# How do you relate to your Romance Style?



## Word Dispenser (May 18, 2012)

Stelliferous said:


> Yeah the word itself "infantile" is very... Open to stereotyping. But if you do take a REAL look at a kid, you'll notice that they are very capable themselves. People think kids are stupid or inferior but really they are just ignorant and ungrown. I would describe myself as an educated and strong kid, fully capable of taking care of myself.
> 
> (I dislike that too. That's why I try to avoid it altogether because the internet is a home for judgment)


"The internet is a home for judgment" could be the title of an art piece. :kitteh:


----------



## Purrfessor (Jul 30, 2013)

Word Dispenser said:


> "The internet is a home for judgment" could be the title of an art piece. :kitteh:


Or a song.


----------



## Word Dispenser (May 18, 2012)

Stelliferous said:


> Or a song.


Which could arguably be called an art piece. Music _is _art, afterall. roud:


----------



## d e c a d e n t (Apr 21, 2013)

I... guess I do. I mean, I would say "Infantile" fits me better than the other three styles, and although the Caregiver/Infantile dynamic sound pretty bland in theory, I probably would be rather annoyed by someone acting like too much of an aggressor (don't like the thought of being treated/viewed like a prey/price to be won), which makes sense if it's my conflicting romance style.


----------



## disguise (Jan 17, 2014)

Accurate for all but



> • preference for partners that provoke in the individual a certain sense of awe in terms of power, physical presence, and the like
> • appreciation for the sense of power-play present when interacting with such partners, with acceptance of a slight sense of superiority on the part of the partner, without ever actually "submitting" to them


Interestingly, I'm more inclined to admire firm, but gentle/sensitive attitudes. These two points make me think of someone arrogant and overbearing which is _definitely_ _not_ what I appreciate in a person.


----------



## Doc Dangerstein (Mar 8, 2013)

... infantile. Great name socionics.
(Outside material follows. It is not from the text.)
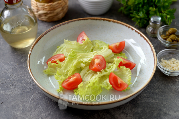 Пока хвосты креветок остывают, выложите порванные руками листья салата и нарезанные четвертинками помидоры черри на блюдо.

Really. 

interest is sparked in partner with positive aesthetic attributes divorced from active, "aggressive" sexuality

... No whips and chains in my bedroom. I don't want to own my girlfriends. I don't want to be owned by my girlfriends. Sex is about being attracted to someone who makes you hot, and likes your company. Definitely about who she is, how she looks and carries herself. I only get aggressive to people who hurt me. Violence is an expression of anger. Not sexuality. If I'm angry at somebody, last thing I want to do is have sex with that person. Big difference between aggression and building tension.

tend to try to attract partner's interest with joking, goofy or even "strange" behavior

... I like to joke around. Have fun and do quirky things. I like to put on a show at time. It's all theatre

try to help partner see the unexpected and fun side of things interest is maintained or cools off according to partner's response to this behavior

... Pretty much. I can't stand girls who take themselves to seriously. If we can't just hang out, make out, or just do something spontaneous because there's a formal protocol to dating and that someone might chip a nail I'm out. I don't like formal dating very much. So boring.

appreciation for partner who actively cares about the individual's comfort and daily needs

... That depends. I don't want my girlfriend to become my mother. I mean, mom is cool. But she's cool because she always gave me space to be myself. What do you mean actively caring? Someone who believes in me, definitely. Someone who tries to be stereotypical mom I thankfully never had, nope.

neutral with regard to externally admitting who took the initiative in ending a relationship, "power" is seen as unimportant in such matters

... I usually don't care. There's always that one exception. Meaning, I just don't want a specific somebody in my life and that how I would like things to stay.


----------